Ontario Schools License StarOffice
An anonymous reader writes "Sun Microsystems has signed a contract with the Ontario Ministry of Education in one of the biggest deals yet for its StarOffice software. It covers 72 public and parochial school boards in Ontario. All will be licensed to use StarOffice 7 on all school-owned PCs. Financial details weren't disclosed but Ontario school officials said the cost is 'minimal.'" Reader Apostata adds that the move "will see the application suite used by 2.5 million students. No word on whether it ships with 'Canadian English' pack ;)"
I think this move is the most enlightened move the Ministry of Ed has made since inception. Sadly it's only motivated by the shoddy budget for education, and not a move in ideology, necessarily. The backstory to the Ontario Ministry of Education using Star Office has to do mostly with politics. Even with $2bil increase to spending on education in the 2004 budget, this is still a lot less than years prior, due to Tory cuts to education. It's really a sad state of affairs for children today, in Ontario.
The dangers of knowledge trigger emotional distress in human beings.
Interesting that the Canadian government can choose not to disclose the money spent on the contract. That's definitely in contrast to here in the US where even a teacher's pay is public record.
And who would you have look after re-training required?
Sun also has included some forms of training (and training for teachers as well)
There's a story at ITBusiness.ca that has more information.

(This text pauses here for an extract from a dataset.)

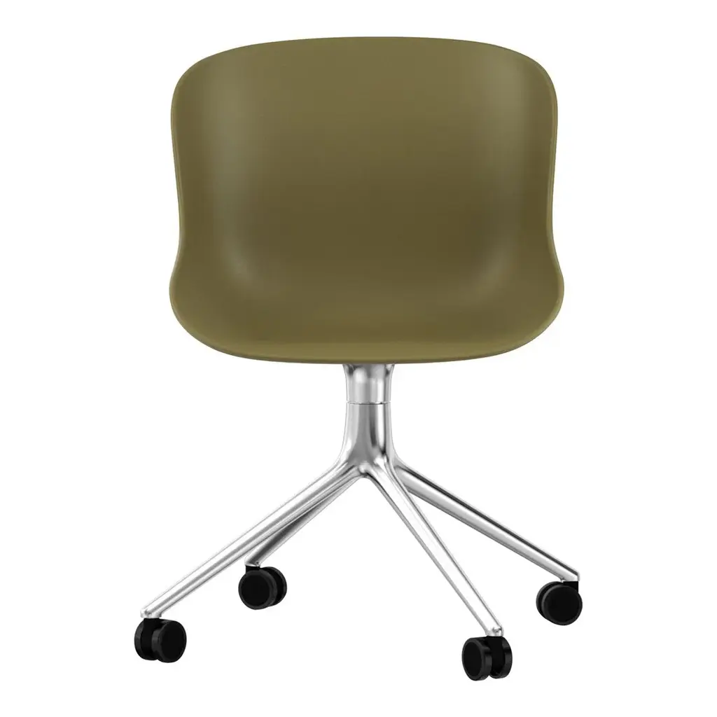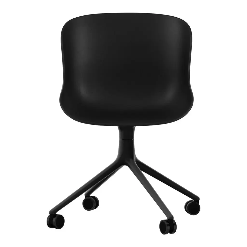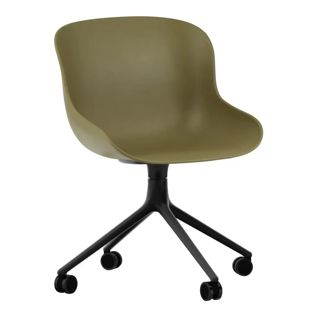 A shell of high-strength polypropylene is mounted to a swivel base with four wheels. The Hyg chair swivel 4W is available with frontor full upholstery following the shell color. The Hyg chair swivel4W is delivered fully assembled.

Actually, the Pop vs Soda thing isn't Canadian vs American. Take a look at this map, which shows which term is predominantly used in each part of the US and Canada.
The biggest differences between American and Canadian English that I know of have to do with spelling. eg: colour vs color, metre vs meter, etc. The only differences I've noticed in spoken English are zed vs zee thing, and the nonsensical way Americans use "quarter of" when referring to the time. (to me "quarter of 12" is 3, but to Americans it apparently means "a quarter to 12")

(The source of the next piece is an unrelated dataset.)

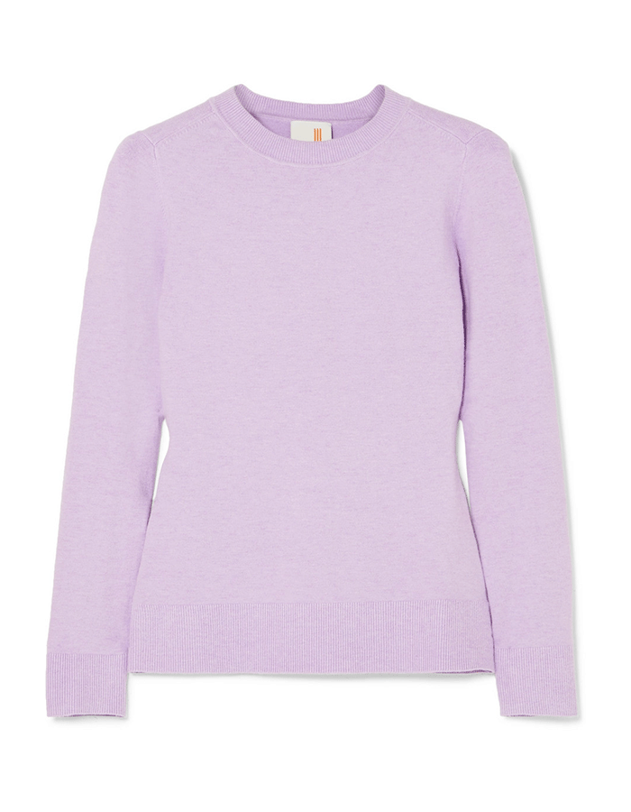 它不会比棉和羊绒混合的圆领毛衣更经典了,但这种明亮的黄绿色色调增添了完美的活力和棱角。

It's real. Vowels tend to wander in regional dialects so what sounds like an "au" to you might sound closer to an "oo" to me. Google turned up "Canadian Raising" which explains this particular difference better than I can.
For those who may be confused as to why the Ministry of Education is signing deals for parochial school boards, Ontario has two seperate publicly funded education systems.
There's what is now called the public system (used to be the Protestant system) and the Catholic system. Technically the Canadian constitution has a similar freedom of religion clause to the one in the US constitution which would prevent a publicly funded religious school system but the Ontario constitution also has a clause that allows for one. So we get two sets of school boards. Great fun.